Today, President Obama announced a significant policy shift that will help low-income students access college financial aid by making the Free Application for Federal Student Aid (FAFSA) simpler to complete. This key administrative change, which CLASP supported in its recent recommendations for higher education reform, would allow applicants to complete the FAFSA using income tax data from two years prior to the current year.

This change is a major win for students, significantly simplifying the aid application process. Forty percent of students who said they didn’t complete the FAFSA because it was “too much work” would have qualified for a Pell Grant. At community colleges alone, 39 percent of students fail to apply for federal financial aid. Allowing applicants to use income from the “prior-prior year” will make it easier for low-income students to apply for aid using the IRS Data Retrieval Tool, which can automatically import their tax information. This will save students time and paperwork and allow them to apply for financial aid earlier. By accessing more relevant information further in advance, students will be able to make more informed college decisions, as well as apply for state and institutional grant aid that is given out on a first-come, first-served basis.

Under the current rules, applicants must wait to complete the FAFSA until January 1 of the year they plan attend a higher education institution. Additionally, they must verify their household income using their most recent tax data. For instance, a student completing the FAFSA for the 2015-2016 academic year (which begins July 1, 2015) would not be able to access the form before January 1, 2015 and would have to use their 2014 tax data.

Starting with the 2017-2018 FAFSA form, the announced change will allow students to access and submit the form three months earlier—beginning October 1 instead of January 1—and use the tax data from two years prior (in this case, 2015 income data rather than 2016).

According to a report on the potential impact of a prior-prior year policy, independent students without dependents are most likely to see a change in their Pell award of $1,000 or more when using tax information from two years prior. Additionally, while this policy will help many students obtain the financial aid they need, it is important to protect students who have experienced a significant drop in income between the prior-prior year and the time of enrollment.
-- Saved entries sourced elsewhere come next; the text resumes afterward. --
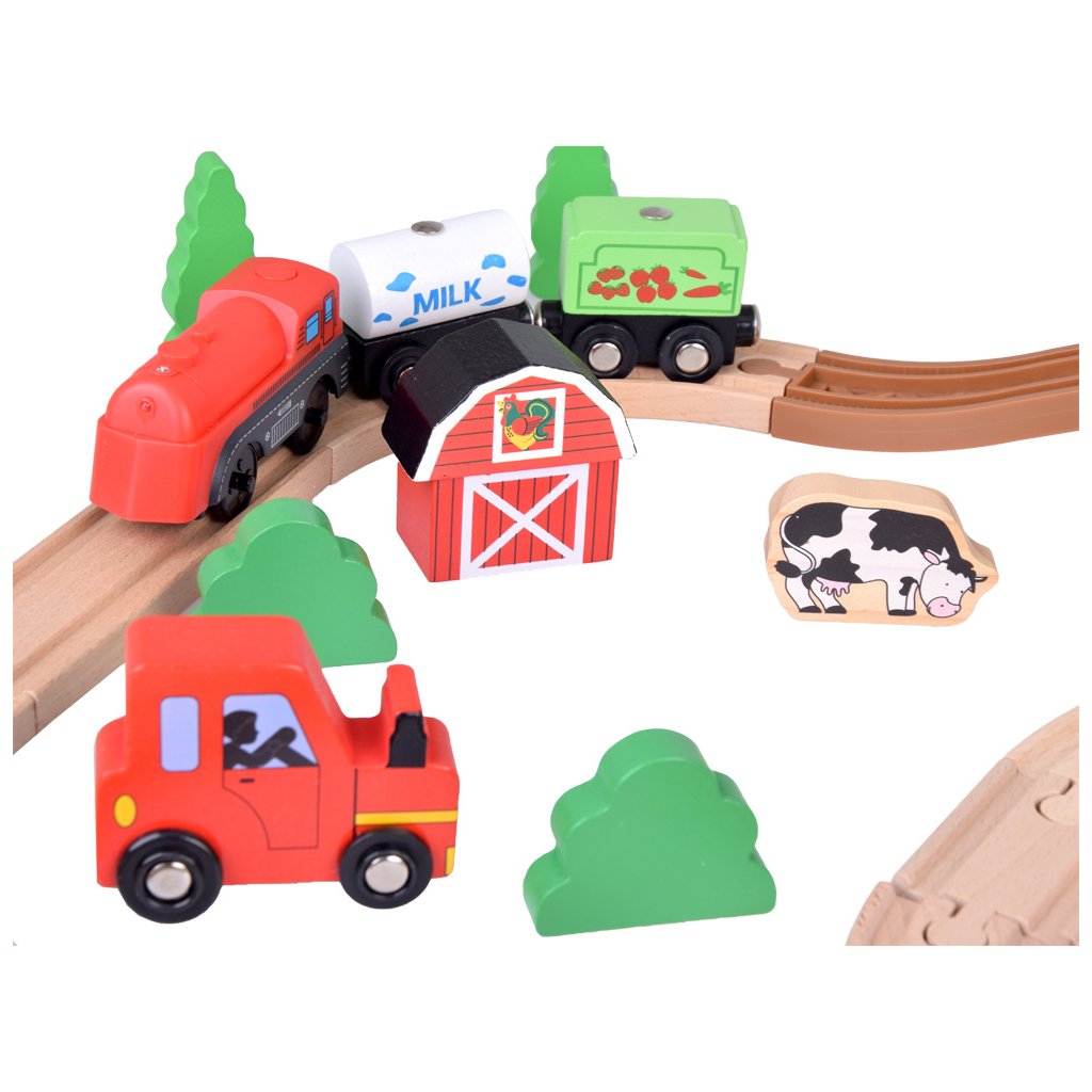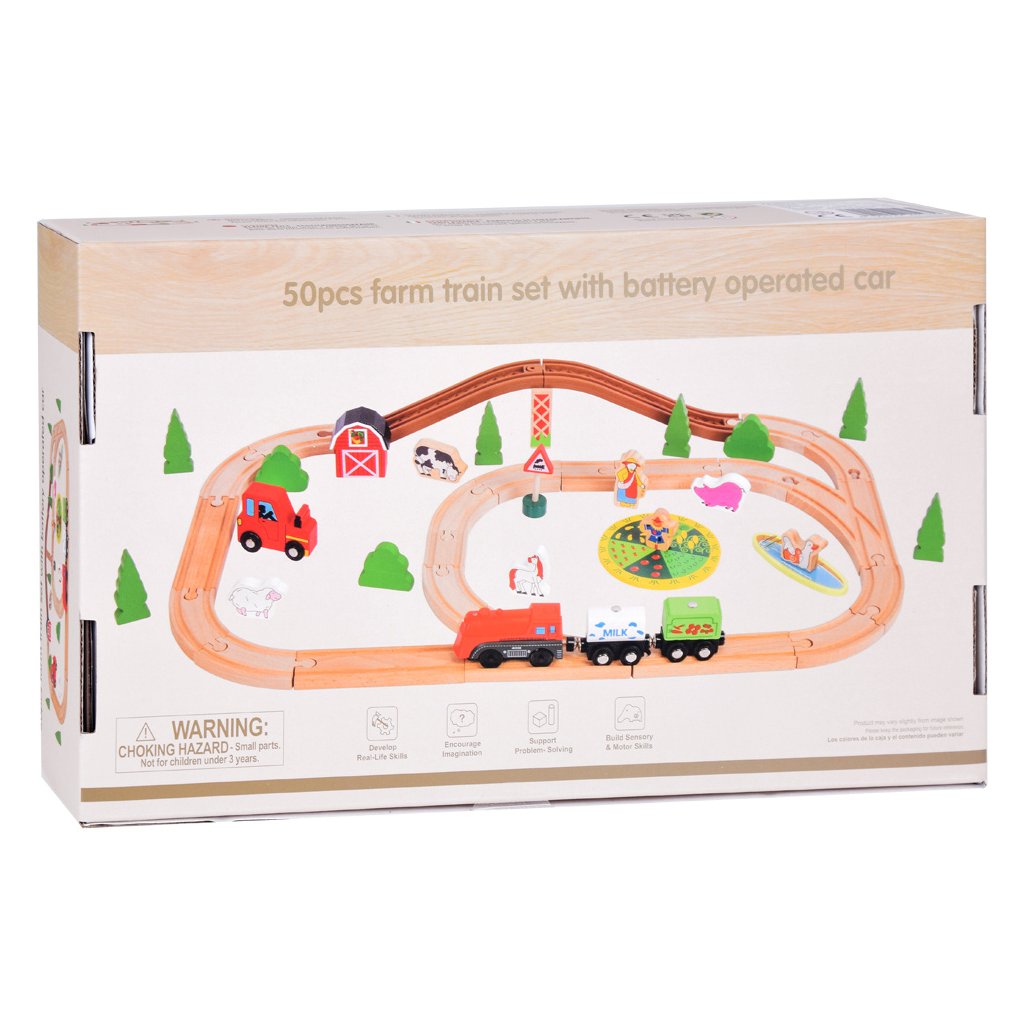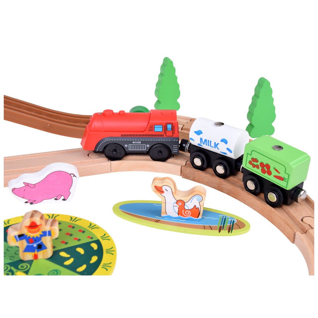 - Obsahuje koľajisko, lokomotívu a rôzne vozne, vrátane voza so zeleninou a cisterny na mlieko.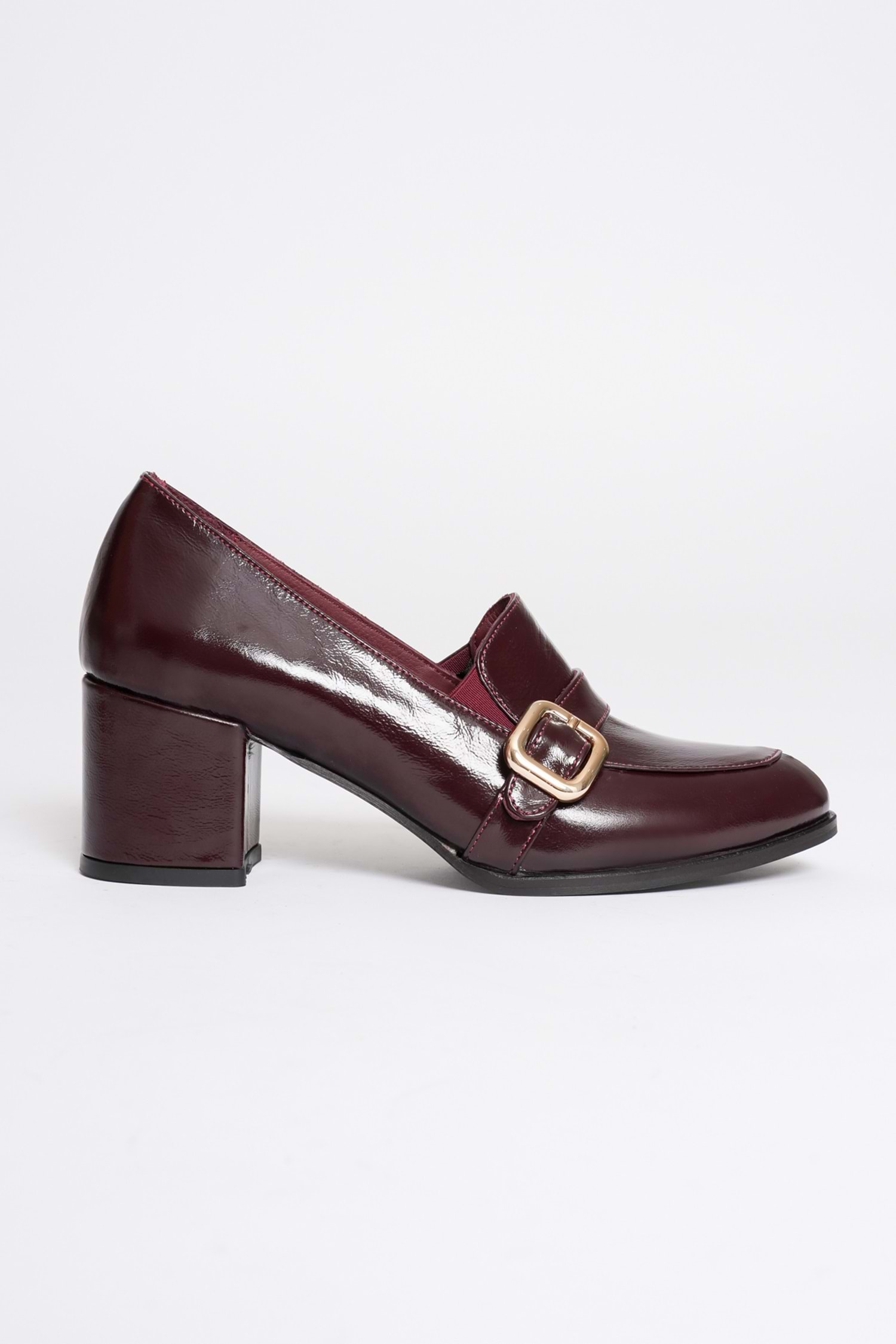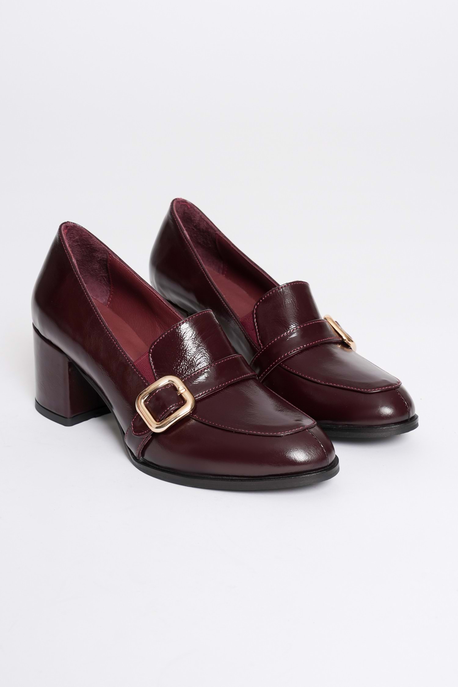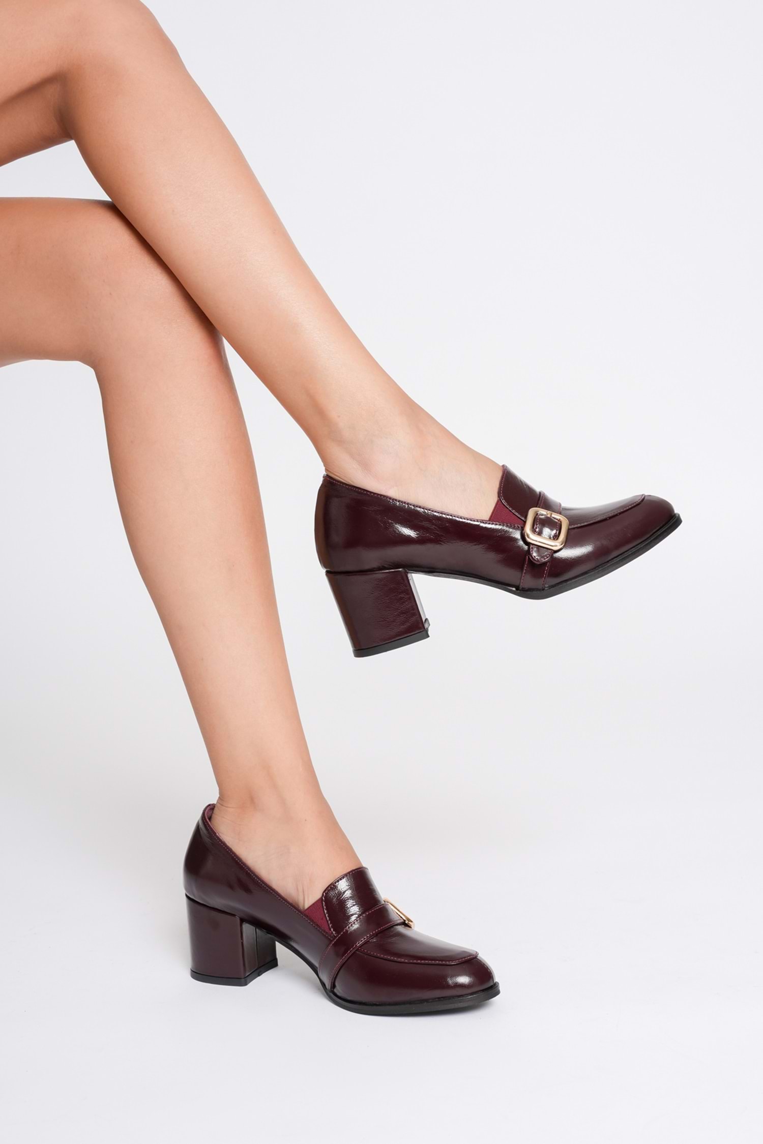 Kadın Hakiki Deri Toka Detaylı Topuklu Ayakkabı - Bordo Rugan
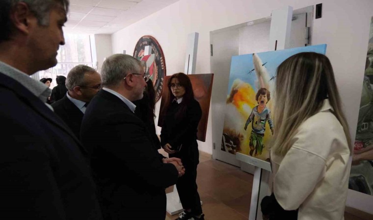 Filistin’de yaşananlara sanat dünyasının duyarsız olmaması gerektiğinin altını çizen Başkan Aşgın, “Şu anda dünyadaki bütün sanatçılar, vicdanlı sanatçılar kendi sanatlarının ürünü olarak bu konuya dikkat çekiyorlar. Dünyadaki bir çok sinema yıldızından tiyatrocuları, ressamlardan fotoğraf sanatçılarına bir çok sanat kolundaki vicdanlı sanatçılar yaşananlara duyarsız kalmıyor. Çığlıklarını atıyorlar. Seslerini yükseltiyorlar. O anlamda böylesine güzel bir çalışmayı geleceğimizin sanatçıları ve ressamları olarak gördüğümüz Güzel Sanatlar Fakültemizin öğrencileri öğretmenleriyle birlikte yapmışlar. Bundan onur ve şeref duyarız. Bu sadece burada kalmamalı. Çorum Belediyesi olarak bu sergimizi Güzel Sanatlar Galerimizde de açacağız” şeklinde konuştu.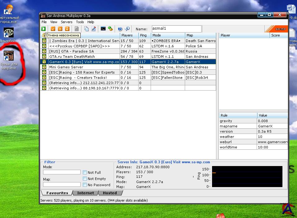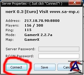 - Grand Theft Auto: San Andreas - одна из популярнийших игр, думаю все играли в синглплеер (одиночную игру) - Возможность поиграть с друзьями, посидеть с ними "в одной машине" - Разнообразие игровых режимов: от гонок до "симуляторов реальной жизни" Системные требования:: Процессор: Pentium 4 2400 MHz и выше; Память: 512 MB и выше; Видеокарта: DirectX 9.0c - совместимая с 128 MB памяти; Система: Widows 2000/ME/XP; Звуковая карта (Без нее не запустите игру!); Нам нужно: - GTA:San Andreas ( обычная, без модов патчей и т.д. (иначе игра будет глючить и вы не сможете полноценно поиграть) - Клиент (программа для игры по сети) Инструкция по установке клиента: - Для начала установите на свой компьютер чистую версию игры GTA SAN ANDREAS. Напоминаю,что не должно быть установлено никаких модификаций, машин, оружия, скинов, спидометра и др. - Запускаем rus1.exe и rus2.exe - Затем запускаем sa-mp-0.3a-install.exe, далее следуем инструкции - После того как вы установили клиент нажимаем Add Server(оранжевая галочка) и вводим ip-адрес сервера, жмём Connect (Зёленый треугольник) - На всех серверах sa-mp (San Andreas Multiplayer) можно выбрать себе персонажа (листайте клавишами вправо и влево) когда выбрали, нажмите Shift Управление: G- подсесть пассажиром F6- чат Caps Lock - стрелять из окна машины ВНИМАНИЕ!!!! Для запуска игры по сети нужно нажимать не на стандартный значок, а на значок под названием samp.exe!!!
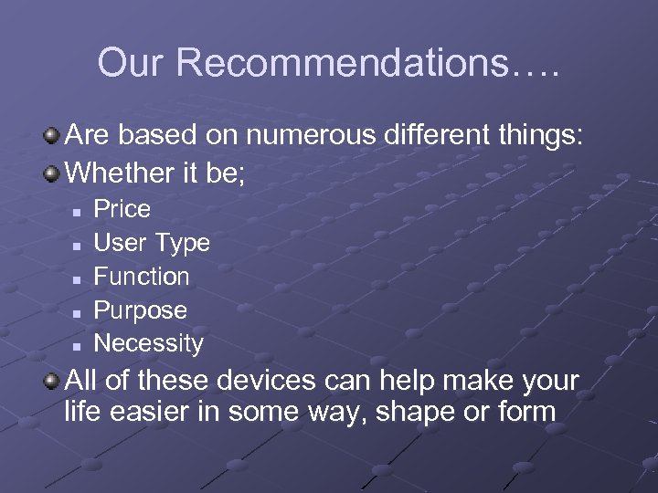 Our Recommendations…. Are based on numerous different things: Whether it be; n n n Price User Type Function Purpose Necessity All of these devices can help make your life easier in some way, shape or form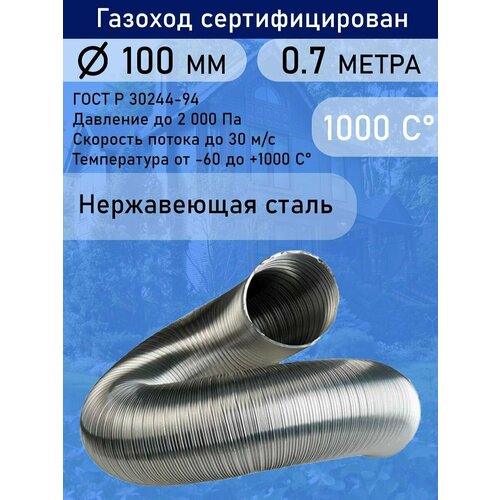 Газоход гофрированный из нержавеющей стали (длина 0,7 метра) D 100

When evaluating either such applicant type, CLASP strongly encourages institutions to use their professional judgement authority.

The U.S. Department of Education should further encourage this practice through their materials and guidance—reminding institutions about their ability to exercise professional judgment and advising students about their right to request a professional judgment appeal. CLASP has continuously highlighted the need for policies to support independent adult students, who make up an increasing share of college students and who frequently juggle school with work and family obligations.